** Data supplied follows **
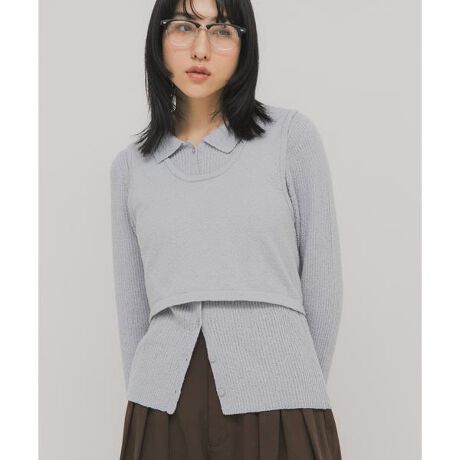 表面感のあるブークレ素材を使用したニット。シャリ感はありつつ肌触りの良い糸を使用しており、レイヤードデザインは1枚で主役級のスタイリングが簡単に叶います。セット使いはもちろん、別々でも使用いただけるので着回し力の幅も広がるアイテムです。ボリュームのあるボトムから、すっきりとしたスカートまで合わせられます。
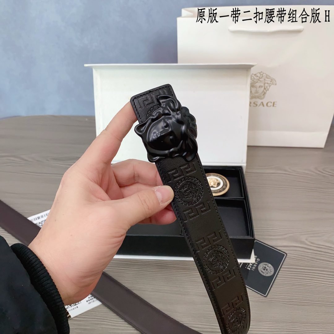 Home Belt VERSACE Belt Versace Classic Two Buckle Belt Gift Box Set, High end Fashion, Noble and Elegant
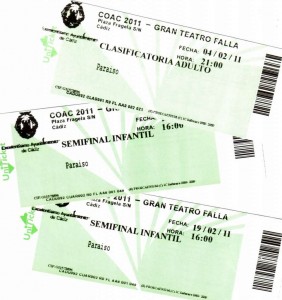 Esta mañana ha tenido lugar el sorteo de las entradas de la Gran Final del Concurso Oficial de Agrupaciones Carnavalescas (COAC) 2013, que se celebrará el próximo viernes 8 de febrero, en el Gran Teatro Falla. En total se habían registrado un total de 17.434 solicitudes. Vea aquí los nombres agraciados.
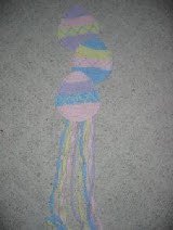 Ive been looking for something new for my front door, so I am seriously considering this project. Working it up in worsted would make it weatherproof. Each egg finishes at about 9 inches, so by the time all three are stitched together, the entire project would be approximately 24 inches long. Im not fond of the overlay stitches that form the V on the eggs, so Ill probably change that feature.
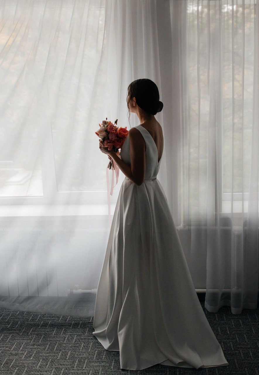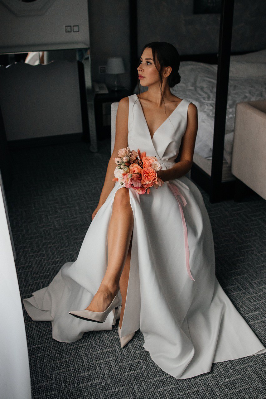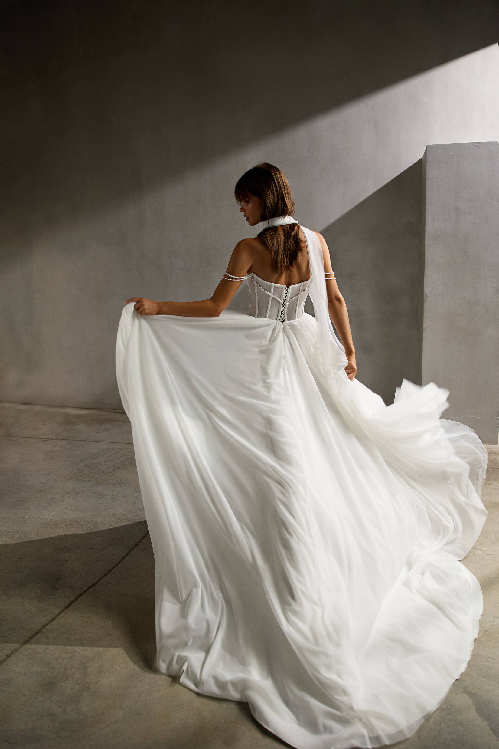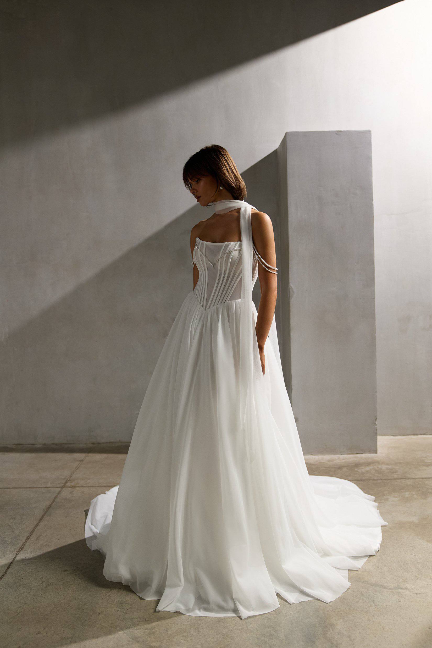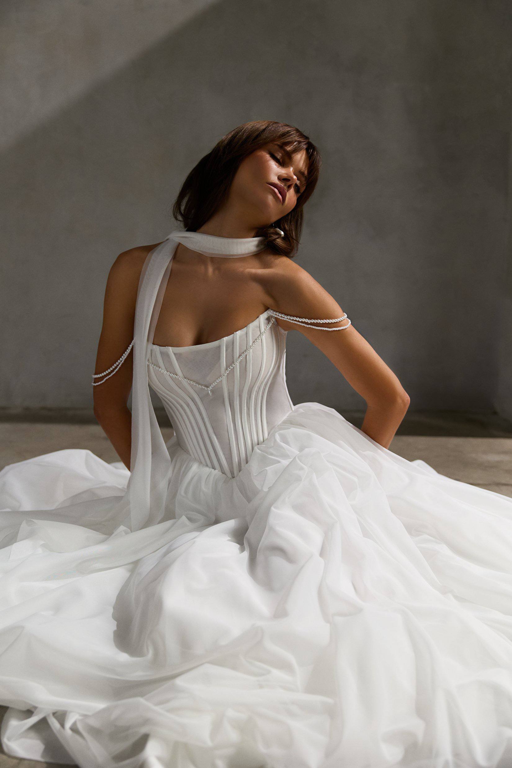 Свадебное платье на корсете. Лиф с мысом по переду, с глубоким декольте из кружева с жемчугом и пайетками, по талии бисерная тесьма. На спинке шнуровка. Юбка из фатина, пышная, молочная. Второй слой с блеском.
** End of Data supplied **
What to work on
Write out each entry exactly; any pictures stay out of the copy.

Task result
 表面感のあるブークレ素材を使用したニット。シャリ感はありつつ肌触りの良い糸を使用しており、レイヤードデザインは1枚で主役級のスタイリングが簡単に叶います。セット使いはもちろん、別々でも使用いただけるので着回し力の幅も広がるアイテムです。ボリュームのあるボトムから、すっきりとしたスカートまで合わせられます。
 Home Belt VERSACE Belt Versace Classic Two Buckle Belt Gift Box Set, High end Fashion, Noble and Elegant
 Esta mañana ha tenido lugar el sorteo de las entradas de la Gran Final del Concurso Oficial de Agrupaciones Carnavalescas (COAC) 2013, que se celebrará el próximo viernes 8 de febrero, en el Gran Teatro Falla. En total se habían registrado un total de 17.434 solicitudes. Vea aquí los nombres agraciados.
 Ive been looking for something new for my front door, so I am seriously considering this project. Working it up in worsted would make it weatherproof. Each egg finishes at about 9 inches, so by the time all three are stitched together, the entire project would be approximately 24 inches long. Im not fond of the overlay stitches that form the V on the eggs, so Ill probably change that feature.
 Свадебное платье на корсете. Лиф с мысом по переду, с глубоким декольте из кружева с жемчугом и пайетками, по талии бисерная тесьма. На спинке шнуровка. Юбка из фатина, пышная, молочная. Второй слой с блеском.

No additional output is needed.